マサキの手からうけとったそれは、とても柔らかで軽い。

くるまれた布を開けば、中から色鮮やかな……


「……タイ……?」


マリンブルーと白の格子柄のカジュアルなアスコットタイがでてきた。
シルクのとても上質なものであることがみてとれる。

……でも、どうみてもそれはメンズものだ。


……おい。俺は、一応姫だぞ。
どうしろと?


戸惑いながら、


「これが……なにか?」


首を捻りながら、マサキを見上げた。
すると、マサキは穏やかな微笑みで、


「……ミヤさんから預かりました。ご本人の私物だそうです」

「…………っ……」


俺は固まる。

とたんに手の中のものが、特別な意味をもつもののように思えてきて、俺はそのタイを凝視した。

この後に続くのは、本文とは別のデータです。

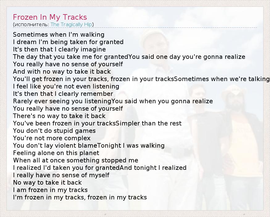 А как ты думаешь, о чем песня "Frozen In My Tracks" ?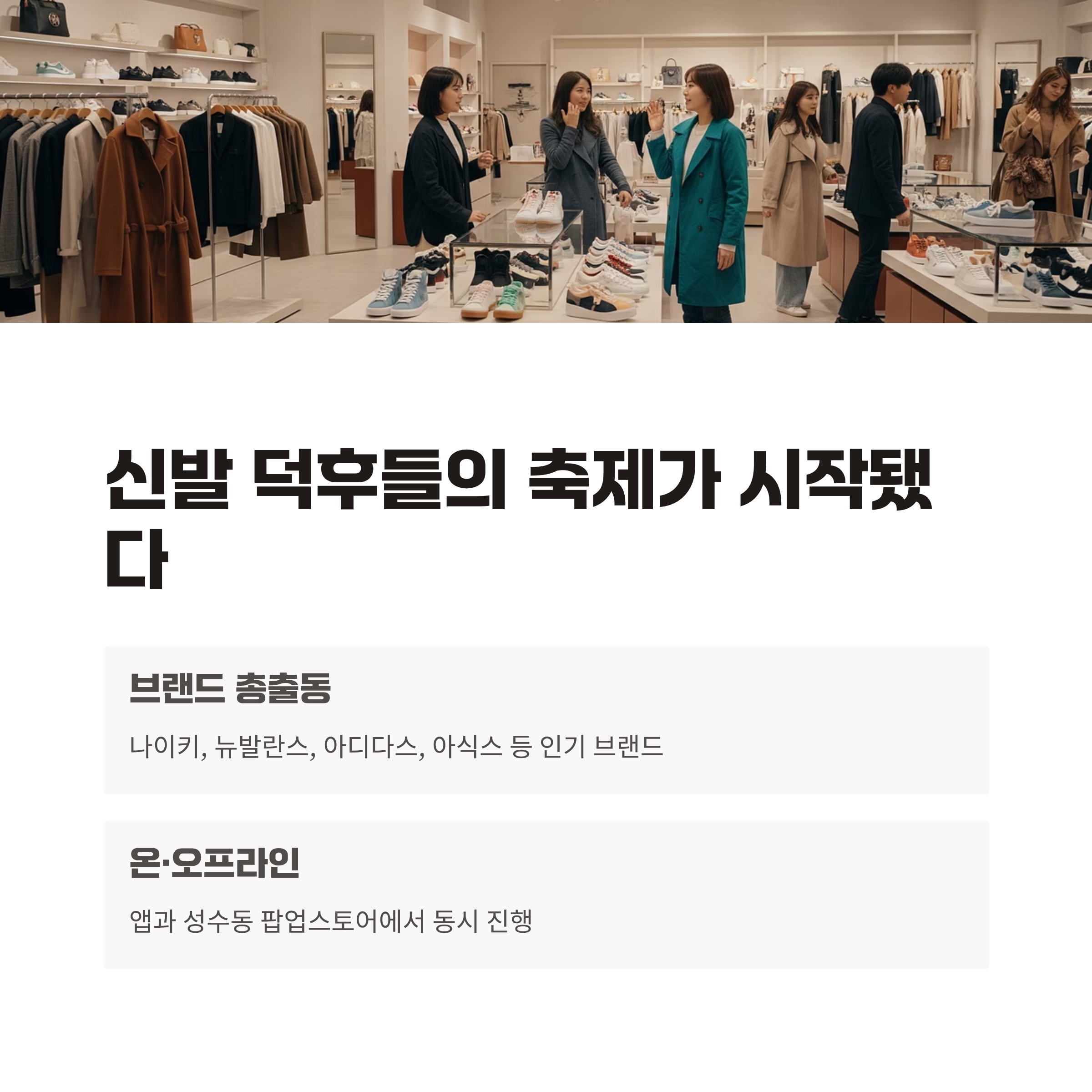 | 오프라인 체험 혜택 | 신발 착용, 사진 촬영, 현장 이벤트, 쿠폰 응모 등 가능 |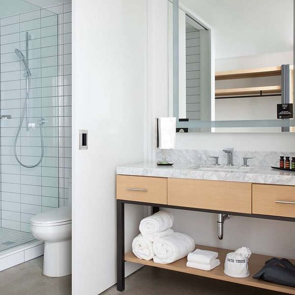 Modern Wood Panel Bedroom Set James Hotel Sonesta Lifestyle Hotel Guestroom Furniture-Bed & Furnishings$499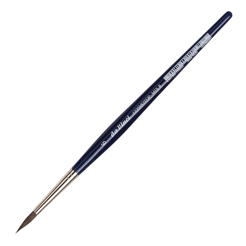 Najwyższej jakości pędzel akwarelowy Da Vinci wyprodukowany z kompozycji klasycznego, naturalnego włosia Kolinsky, rosyjskiej niebieskiej wiewiórki oraz czarnego sobola z minimalną domieszką syntetycznych włókien. Włosie zostało ułożone bezszwowo w srebrnej skuwce. Pędzel posiada lakierowany trzonek dodatkowo uformowany w miejscu trzymania dla zwiększenia wygody oraz pewności chwytu.

「……先日、公務で二ノ国へ行きました。そのときに、サトコ様へ、と預かりました」

「…………」

「誕生日会欠席してすみません、と。」

「…………」

「これを俺だと思って、もう少しだけ……待ってて欲しい、と伝えてくれ、とのことです」

「…………」


手の中のタイを握りしめる。
ミヤの声や息づかい、しまいには温もりまで感じれそうなそれを、そっと頬にあてた。


懐かしいミヤの香りがする。



「……ミヤは……元気にしていましたか」

「……はい、とても」

「……あいつに手をだしたら許しませんよ」

「っ……だしませんよ!」



くすくすと笑う。

……ポタポタと涙が落ちた。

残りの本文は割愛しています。